So I resolved on New Year’s Eve that I would stop the tears in 2015 and pass the drum sticks to someone else. That was my resolution… but I think I heard God laugh.
At the first Monday evening rehearsal in 2015, I walked in ready to tell Rafael of my resolution. The conversation didn’t go as I had planned. First, through an odd series of circumstances, I was late, and there was some discussion among the ensemble members that I may have quit. So when I walked in, I had to confess my frustration and tears to everyone. I thought I would be mortified and embarrassed. Instead, I felt… welcomed! Others started sharing their past anxieties about playing and it was heartwarming to hear Rafael encouraging me to stay, to stick with it, and to keep trying.

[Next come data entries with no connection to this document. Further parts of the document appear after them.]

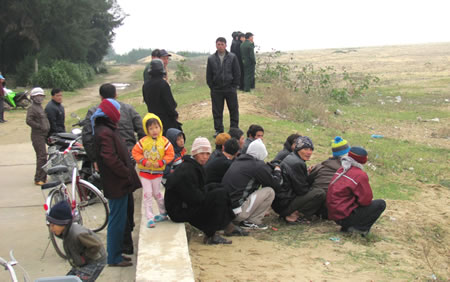 Có mặt ở bãi biển để chờ tin của các thuyền viên, một ngư dân ở làng Cồn Sẻ kể lại: “Ngày 2-1 cũng tròn một năm ngày 7 ngư dân của làng bỏ mạng trên biển. 1 giờ ngày 2-1-2011, tàu QB-3238 của anh Phạm Được (27 tuổi) cùng 6 thanh niên khác của làng Cồn Sẻ đánh cá ở vùng biển cách đảo Cô Tô, Quảng Ninh khoảng 10 hải lý thì bị lốc xoáy nhấn chìm... Các anh mất đi để lại nỗi đau, mất mát lớn cho cha mẹ, vợ con, người thân”. Và, hôm nay, một lần nữa, dân làng Cồn Sẻ lại chìm trong tang thương.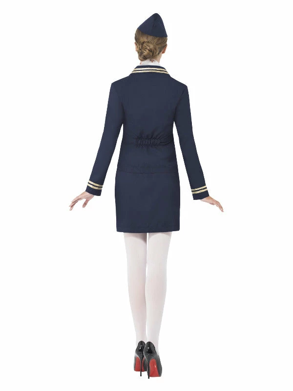 Airways Attendant Costume, Blue, with Jacket, Skirt, Scarf & Hat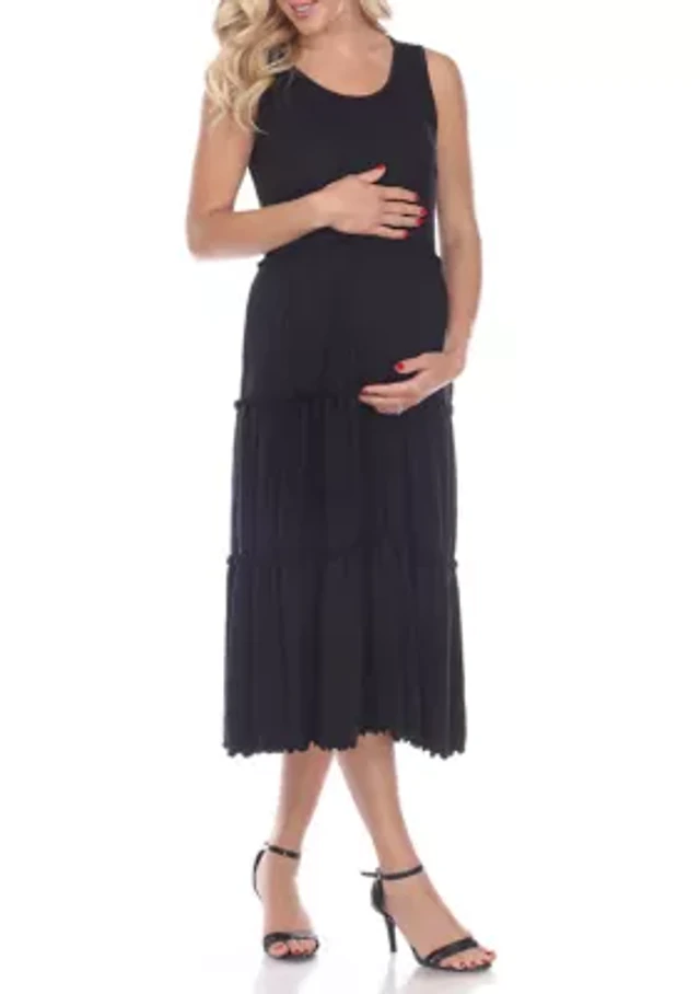 Pinkblush Maternity Black Collared Button Down Tiered Midi Dress

I’d love to say that by the end of the evening I was playing beautifully and had no troubles. That would be the Hollywood version of my story. The truth is, though, that I no longer cry. I’m no longer intimidated by playing multiple percussion instruments. I’m not a great musician, I still struggle with rhythms, but knowing that I am part of something bigger than myself keeps me going. I love being a part of that experience – even if I am one of the lesser talents – I feel accepted at Aldersgate, and I feel God’s love. So here’s my revised resolution: Give up the fears and tears, let go of my anxieties, and trust that God will be pleased with my simple musical offering.
Now, in this Lenten Season – a time where we think of giving up things to bring us closer to God – consider giving up your fears and tears. Push yourself to do something outside your comfort zone. Join instrumental ensemble, play hand bells, sing in the choir. I’m sure God is smiling, always, as he watches you to become part of something bigger than yourself.
Rebecca Adams Oliver
Prayer: Father, please help me to let go of my fears. Help me to find my place in something larger than myself. Help to feel your love as I humbly offer my musical talents to glorify your message. Amen.